Supplied information:
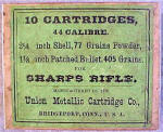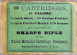 UNION METALLIC CARTRIDGE COMPANY GREEN LABEL BOX OF .44 -2 ¼   INCH CALIBER SHARPS RIFLE CARTRIDGES – 10 ROUND BOX IN EXCELLENT CONDITION  SOLD
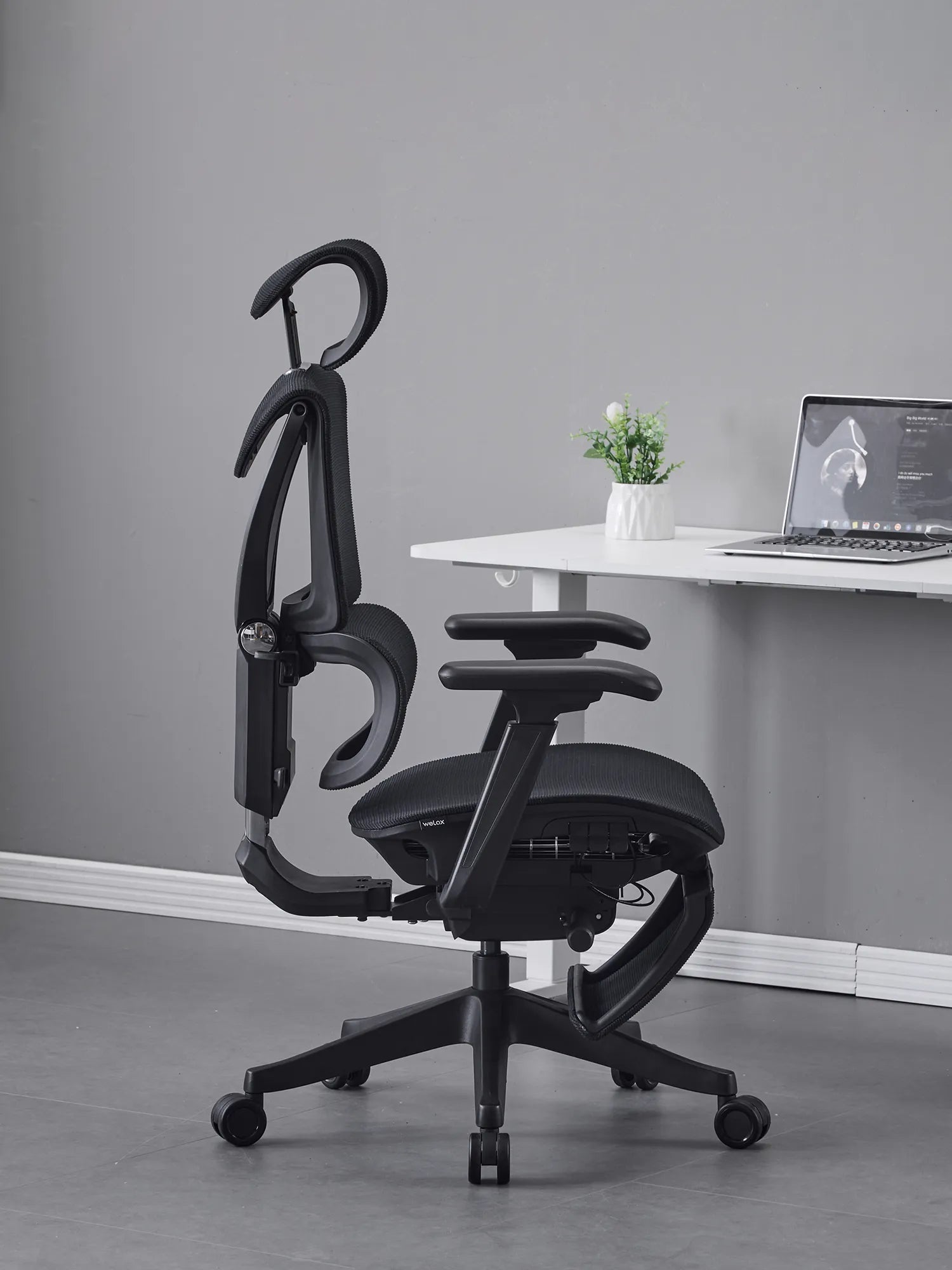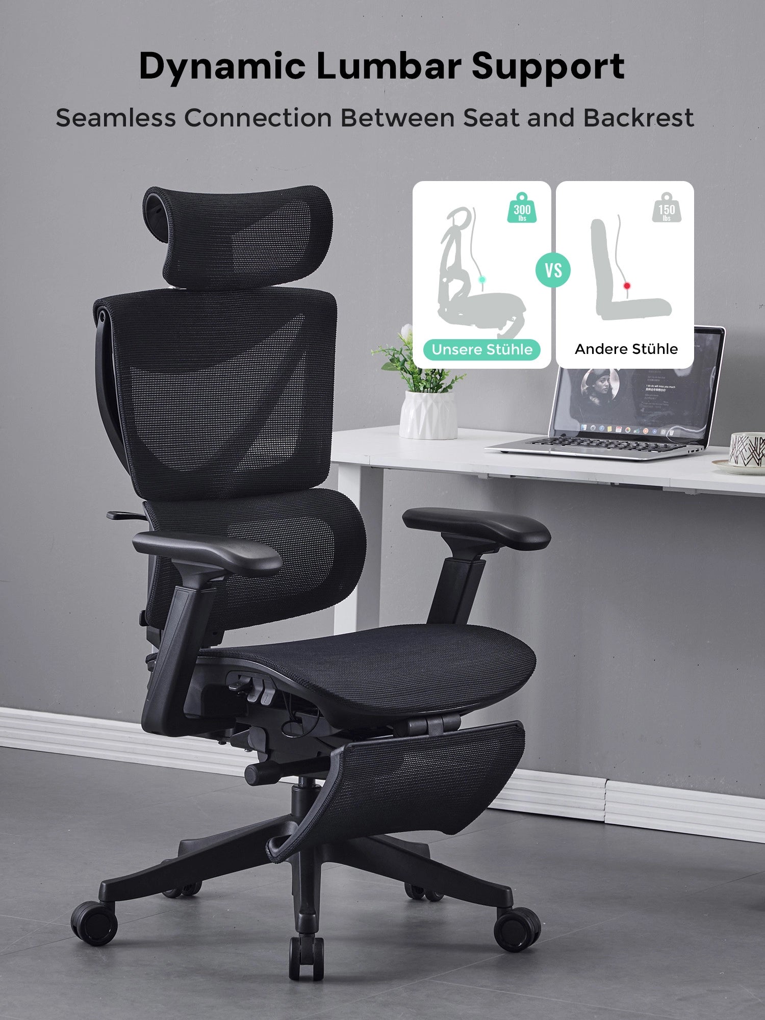Komfort von Kopf bis Taille. Die verstellbare Kopfstütze stützt Ihren Nacken, die geschwungene Rückenlehne richtet Ihre Wirbelsäule aus und das dynamische Lendenkissen entlastet den unteren Rücken.
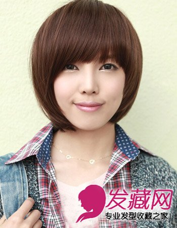 内扣的中长韩式短发发型,加上减龄的刘海设计,起到十足的修颜效果,展现一张精致的五官,再搭配时尚的棕色染发,更显妹纸的洁白肌肤。
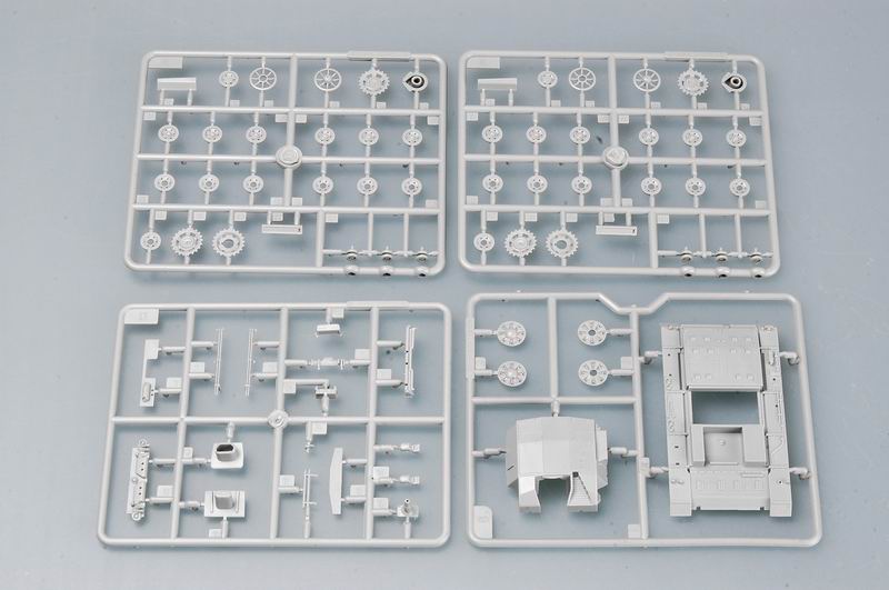 Total Sprues 5pcs sprues, lower hull, two rubber strip track_x000D_
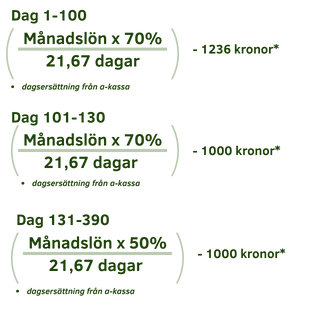 Dag 1–100: (månadslön × 70 % / 22 dagar) - 1236 kronor*  Dag 101–130: (månadslön × 80 % / 22 dagar) - 1081 kronor*  Dag 1–100: (månadslön × 50 % / 22 dagar) - 1082 kronor*  Dag 1–100: (månadslön × 50 % / 22 dagar) - 1005 kronor*  *dagsersättning från a-kassa
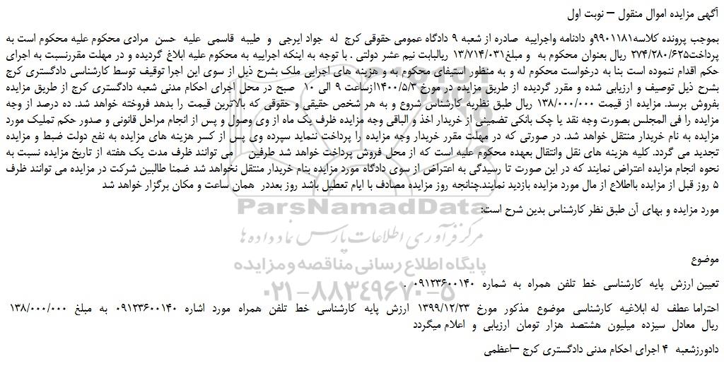 بموجب پرونده کلاسه9901181و دادنامه واجراییه صادره از شعبه 9 دادگاه عمومی حقوقی کرج له جواد ایرجی و طیبه قاسمی علیه حسن مرادی محکوم علیه محکوم است به پرداخت274/280/625 ریال بعنوان محکوم به و مبلغ13/714/031 ریالبابت نیم عشر دولتی . با توجه به اینکه اجراییه به محکوم علیه ابلاغ گردیده و در مهلت مقررنسبت به اجرای حکم اقدام ننموده است بنا به درخواست محکوم له و به منظور استیفای محکوم به و هزینه های اجرایی ملک بشرح ذیل از سوی این اجرا توقیف توسط کارشناسی دادگستری کرج بشرح ذیل توصیف و ارزیابی شده و مقرر گردیده از طریق مزایده در مورخ 1400/5/3ازساعت 9 الی 10 صبح در محل اجرای احکام مدنی شعبه دادگستری کرج از طریق مزایده بفروش برسد. مزایده از قیمت 138/000/000 ریال طبق نظریه کارشناس شروع و به هر شخص حقیقی و حقوقی که بالاترین قیمت را بدهد فروخته خواهد شد. ده درصد از وجه مزایده را فی المجلس بصورت وجه نقد یا چک بانکی تضمینی از خریدار اخذ و الباقی وجه مزایده ظرف یک ماه از وی وصول و پس از انجام مراحل قانونی و صدور حکم تملیک مورد مزایده به نام خریدار منتقل خواهد شد. در صورتی که در مهلت مقرر خریدار وجه مزایده را پرداخت ننماید سپرده وی پس از کسر هزینه های مزایده به نفع دولت ضبط و مزایده تجدید می گردد. کلیه هزینه های نقل وانتقال بعهده محکوم علیه است که از محل فروش پرداخت خواهد شد طرفین می توانند ظرف مدت یک هفته از تاریخ مزایده نسبت به نحوه انجام مزایده اعتراض نمایند که در این صورت تا رسیدگی به اعتراض از سوی دادگاه مورد مزایده بنام خریدار منتقل نخواهد شد ضمنا طالبین شرکت در مزایده می توانند ظرف 5 روز قبل از مزایده بااطلاع از مال مورد مزایده بازدید نمایند.چنانجه روز مزایده مصادف با ایام تعطیل باشد روز بعددر همان ساعت و مکان برگزار خواهد شد
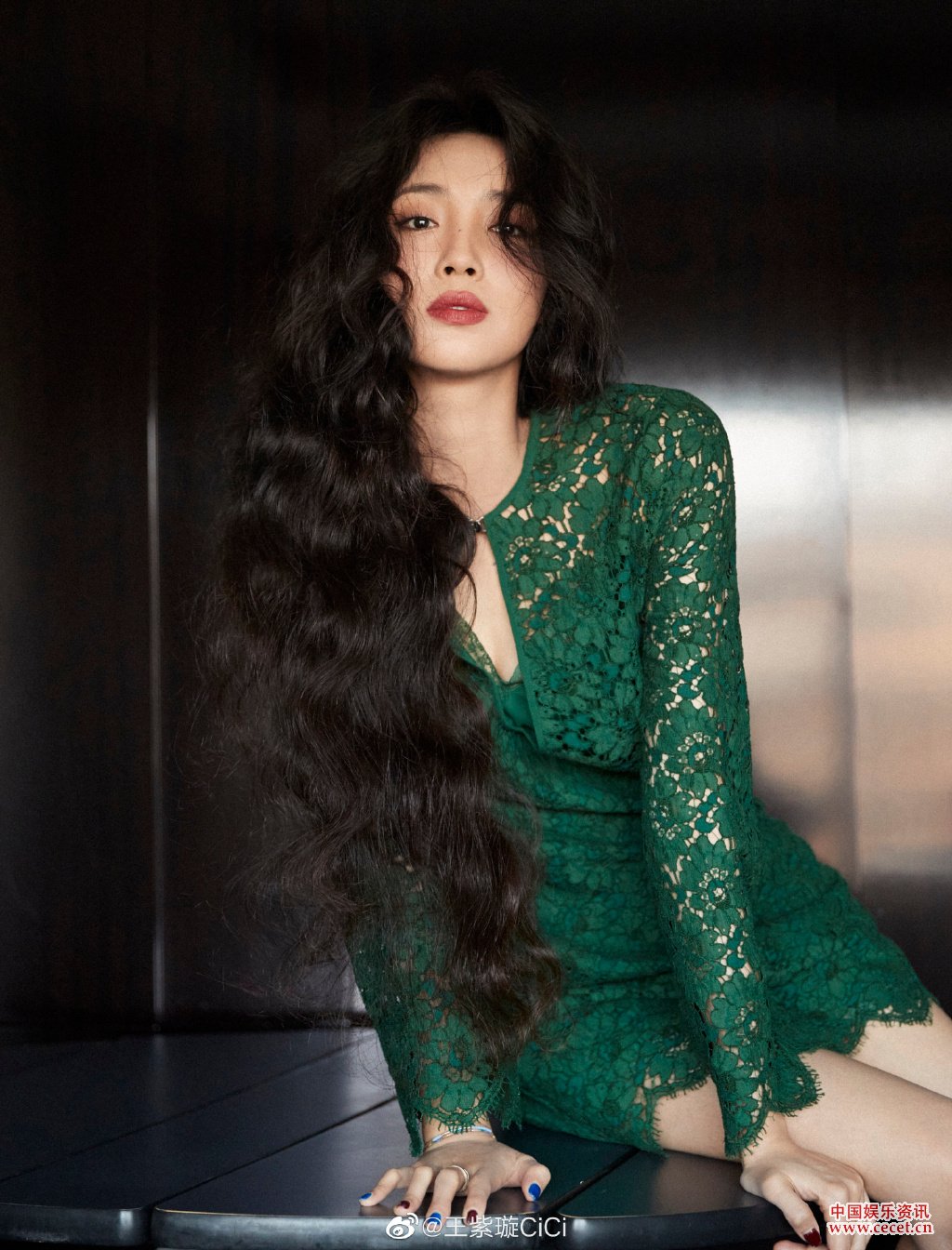 王紫璇綠色鏤空緊身裙 探尋光影綠野仙蹤
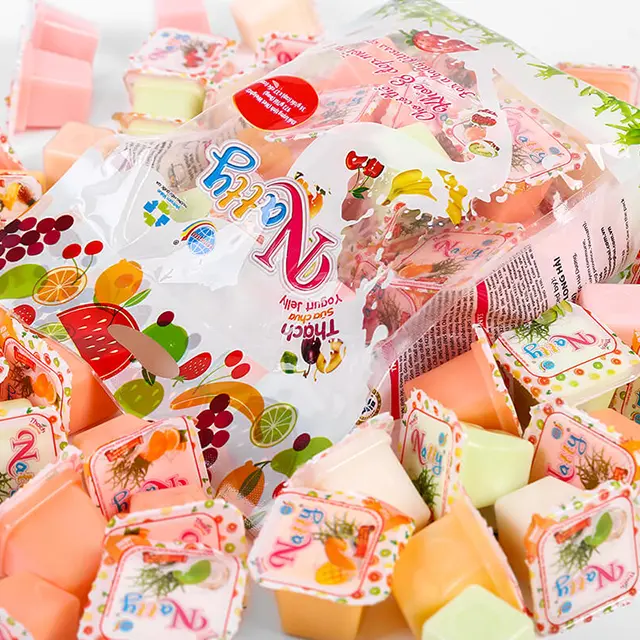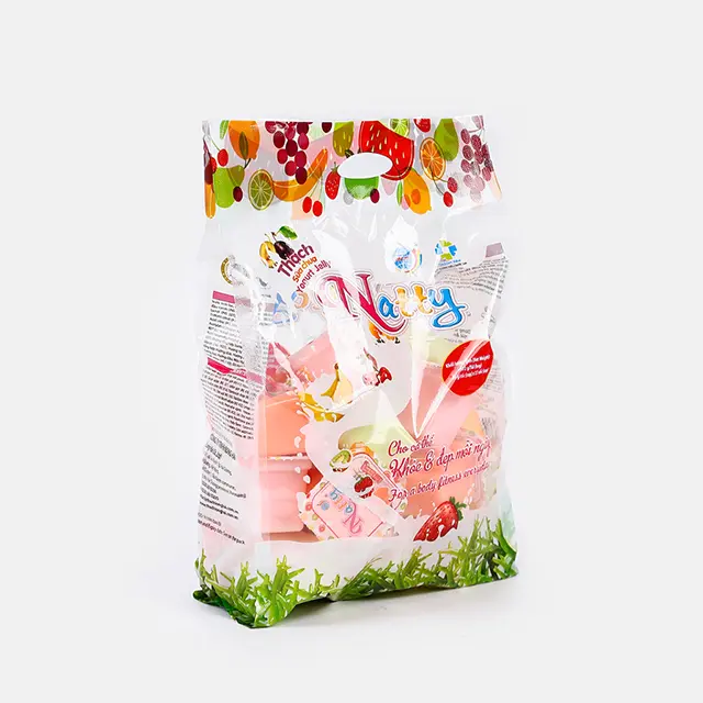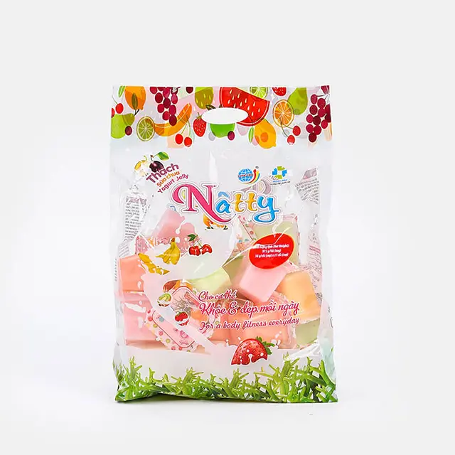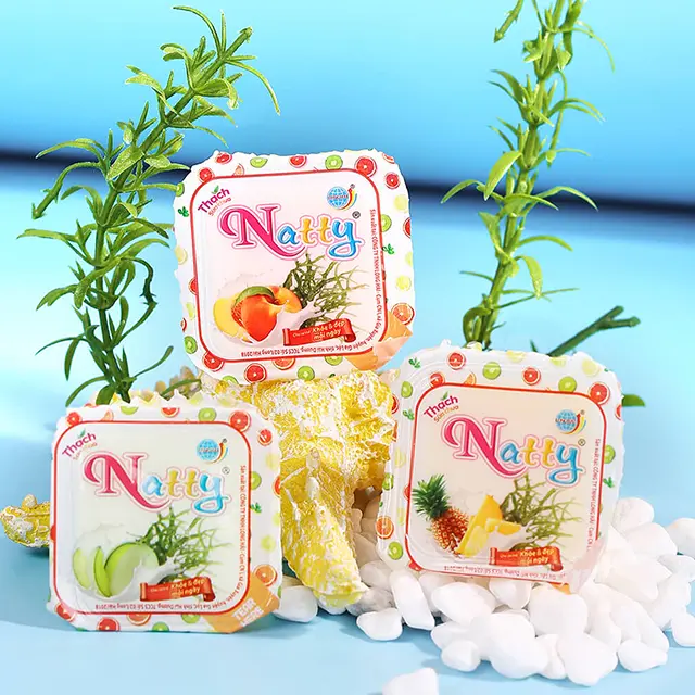 Thạch sữa chua Natty do công ty Long Hải sản xuất là sự kết hợp giữa bột Carragennan (rau câu), bột Konjac (khoai nưa) tỷ lệ 60/30, đường kính trắng, thạch dừa Bến Tre, hương vị hoa quả tổng hợp: Dừa, Cam, Đào, Dứa, Dưa, Xoài, Dâu...

Assignment: Copy only the part of the records that runs from the first line to the line with "Total Sprues 5pcs", ends included, leaving pictures out.

Final answer:
 UNION METALLIC CARTRIDGE COMPANY GREEN LABEL BOX OF .44 -2 ¼   INCH CALIBER SHARPS RIFLE CARTRIDGES – 10 ROUND BOX IN EXCELLENT CONDITION  SOLD
Komfort von Kopf bis Taille. Die verstellbare Kopfstütze stützt Ihren Nacken, die geschwungene Rückenlehne richtet Ihre Wirbelsäule aus und das dynamische Lendenkissen entlastet den unteren Rücken.
 内扣的中长韩式短发发型,加上减龄的刘海设计,起到十足的修颜效果,展现一张精致的五官,再搭配时尚的棕色染发,更显妹纸的洁白肌肤。
 Total Sprues 5pcs sprues, lower hull, two rubber strip track_x000D_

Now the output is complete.